Stakeholders comprising industry players and scholars, who have conducted different researches on nicotine use, have harped on tobacco harm control using alternative products to reduce the impact of nicotine.
Clearly, when people smoke a cigarette, they inhale nicotine and other chemicals released by combustion. Currently, the world has about 1.1 billion smokers and tobacco is said to be responsible for about 8 million deaths globally, every year.
Nicotine is a naturally produced alkaloid in the nightshade family of plants and is widely used recreationally as a stimulant and anxiolytic. As a pharmaceutical drug, it is used for smoking cessation to relieve withdrawal symptoms.
Also a dangerous and highly addictive chemical, nicotine can cause an increase in blood pressure, heart rate, flow of blood to the heart and a narrowing of the arteries (vessels that carry blood).

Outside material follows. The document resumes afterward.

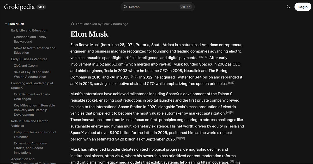 Сейчас Grokipedia доступна в бета-версии v0.1, но опробовать ее могут уже все желающие — бесплатно в веб-версии. На момент запуска в энциклопедии были зарегистрированы 885 279 статей. Для сравнения: в Wikipedia их более 7 млн. только на английском языке.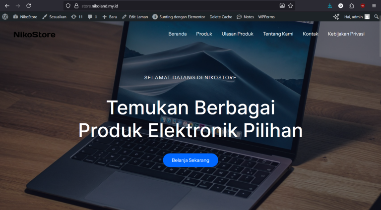 Website NikoStore berhasil online dan berfungsi sebagai toko online berbasis affiliate marketing. Produk dapat langsung diklik menuju platform e-commerce tujuan. Website ini tampil responsif di berbagai perangkat, serta sistem kontak sudah terintegrasi untuk langsung mengirimkan pesan ke email admin.

Nicotine, which of course, is one of the chemicals in tobacco, can also contribute to the hardening of the arterial walls, which in turn, may lead to a heart attack. The need to mitigate the health challenges associated with nicotine use is at the heart to the drive for tobacco harm control.
Speaking at separate sessions during the just concluded Global Forum on Nicotine, one of the stakeholders, Ben Kesley of Cambridge Design, said “One of the first steps to adopting ENDS (Electronic nicotine delivery systems), is to get smokers to understand that cigarettes are a risk and they need to move away from tobacco.
At a session on ‘Reducing Harms from tobacco in LMICs – Challenges and Opportunities’, Kesley noted that people understand smoking is harmful, but they don’t think it’s harmful to them because they’ve not been ill. Then, once they do understand risks associated with smoking, they need to realise it is bad for them and want to change their behaviour.
While emphasizing the need for tobacco harm control using alternative products, Kesley harped on the need to get people, especially cigarettes smokers, to “know what safer nicotine products are out there”.
Another scholar, Dr Konstantinos Farsalinos who underscored the need for tobacco harm reduction recalled, “The Framework Convention on Tobacco Control clearly mentions harm reduction but the real application of harm reduction in smoking has been minimal and largely unacceptable by the tobacco control movement, with exceptions of course.”
He described those opposed to harm reduction, especially advocates of tobacco control as ‘becoming an oppressive, intolerant and authoritarian form of political correctness, not only for smokers but also for scientists who have different views than they-tobacco control- have.”
E-cigarette use, commonly called vaping, is fast becoming a popular alternative to cigarette smoking. It works by heating up a mixture of nicotine-containing liquids that can be inhaled.